### What the task asks:
Beginning at the line containing "Titel: Hvidbrynet Sporegøg, White-browed", repeat each line below exactly up to and including the line containing "I am a HUGE". Do not repeat the pictures.

### Material shown:
********************

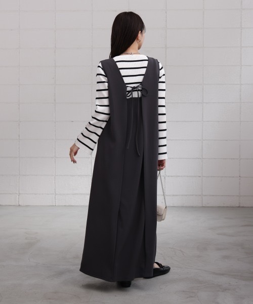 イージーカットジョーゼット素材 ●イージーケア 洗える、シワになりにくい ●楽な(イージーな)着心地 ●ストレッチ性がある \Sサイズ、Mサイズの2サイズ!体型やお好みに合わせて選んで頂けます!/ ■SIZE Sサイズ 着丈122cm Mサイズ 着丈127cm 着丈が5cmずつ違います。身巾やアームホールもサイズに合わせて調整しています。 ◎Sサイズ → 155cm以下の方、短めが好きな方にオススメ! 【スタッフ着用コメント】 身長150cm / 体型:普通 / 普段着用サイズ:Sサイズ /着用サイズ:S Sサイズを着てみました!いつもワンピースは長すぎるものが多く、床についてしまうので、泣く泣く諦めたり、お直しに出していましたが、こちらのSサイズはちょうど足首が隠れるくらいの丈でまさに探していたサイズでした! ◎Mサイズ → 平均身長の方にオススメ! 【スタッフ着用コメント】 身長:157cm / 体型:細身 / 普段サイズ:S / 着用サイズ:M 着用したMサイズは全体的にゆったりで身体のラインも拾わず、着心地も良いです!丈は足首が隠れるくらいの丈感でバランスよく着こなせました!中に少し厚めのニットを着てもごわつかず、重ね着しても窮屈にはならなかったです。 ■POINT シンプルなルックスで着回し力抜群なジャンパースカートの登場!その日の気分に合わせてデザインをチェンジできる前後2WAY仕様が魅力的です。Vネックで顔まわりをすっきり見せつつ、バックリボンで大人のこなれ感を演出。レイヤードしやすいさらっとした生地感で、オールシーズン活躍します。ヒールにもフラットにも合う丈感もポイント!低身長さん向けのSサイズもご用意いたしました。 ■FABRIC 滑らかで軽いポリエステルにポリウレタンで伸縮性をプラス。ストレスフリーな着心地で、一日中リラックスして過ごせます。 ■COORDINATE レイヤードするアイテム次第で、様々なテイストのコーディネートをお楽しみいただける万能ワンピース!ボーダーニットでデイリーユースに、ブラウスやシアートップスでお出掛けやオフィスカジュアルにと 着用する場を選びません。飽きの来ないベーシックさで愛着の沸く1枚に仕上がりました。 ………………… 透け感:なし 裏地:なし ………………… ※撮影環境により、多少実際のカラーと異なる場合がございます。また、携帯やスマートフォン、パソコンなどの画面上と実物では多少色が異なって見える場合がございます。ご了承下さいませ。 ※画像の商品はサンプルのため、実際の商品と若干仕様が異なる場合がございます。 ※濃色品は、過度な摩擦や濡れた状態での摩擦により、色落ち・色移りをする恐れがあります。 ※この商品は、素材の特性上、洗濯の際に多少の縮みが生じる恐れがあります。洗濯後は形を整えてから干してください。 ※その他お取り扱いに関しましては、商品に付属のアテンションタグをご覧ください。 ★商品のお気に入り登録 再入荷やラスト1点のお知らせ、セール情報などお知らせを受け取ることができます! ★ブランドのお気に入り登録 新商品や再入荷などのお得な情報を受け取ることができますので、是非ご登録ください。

********************

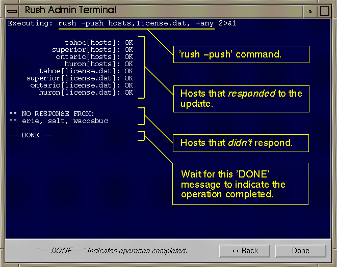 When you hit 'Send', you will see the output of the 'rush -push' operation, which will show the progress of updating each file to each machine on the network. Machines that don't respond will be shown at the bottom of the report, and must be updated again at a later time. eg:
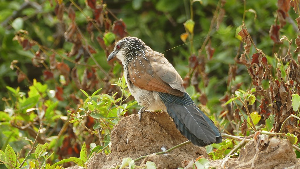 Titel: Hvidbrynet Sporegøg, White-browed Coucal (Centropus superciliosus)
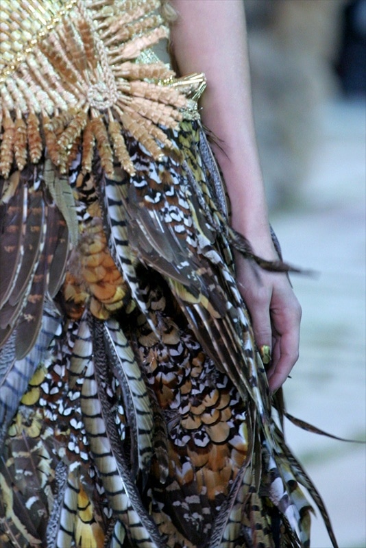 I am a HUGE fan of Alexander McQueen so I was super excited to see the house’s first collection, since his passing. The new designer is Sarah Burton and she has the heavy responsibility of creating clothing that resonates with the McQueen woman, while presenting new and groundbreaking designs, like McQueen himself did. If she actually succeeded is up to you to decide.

********************

### Answer to this task:
 Titel: Hvidbrynet Sporegøg, White-browed Coucal (Centropus superciliosus)
 I am a HUGE fan of Alexander McQueen so I was super excited to see the house’s first collection, since his passing. The new designer is Sarah Burton and she has the heavy responsibility of creating clothing that resonates with the McQueen woman, while presenting new and groundbreaking designs, like McQueen himself did. If she actually succeeded is up to you to decide.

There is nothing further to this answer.